Task material Block Start
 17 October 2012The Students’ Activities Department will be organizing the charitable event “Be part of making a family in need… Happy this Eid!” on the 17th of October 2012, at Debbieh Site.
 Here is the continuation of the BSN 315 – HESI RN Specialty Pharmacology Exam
Task material Block End
Task material Block Start
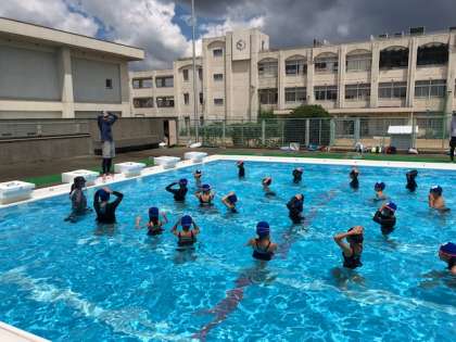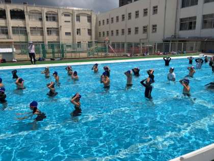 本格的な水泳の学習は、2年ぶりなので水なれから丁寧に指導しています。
Task material Block End
#### Task instructions
In the listing above, locate the line containing "17 October 2012The" and the line containing "Here is the". Transcribe those two lines and everything between them, exactly as written.

#### Expected answer
 17 October 2012The Students’ Activities Department will be organizing the charitable event “Be part of making a family in need… Happy this Eid!” on the 17th of October 2012, at Debbieh Site.
 Here is the continuation of the BSN 315 – HESI RN Specialty Pharmacology Exam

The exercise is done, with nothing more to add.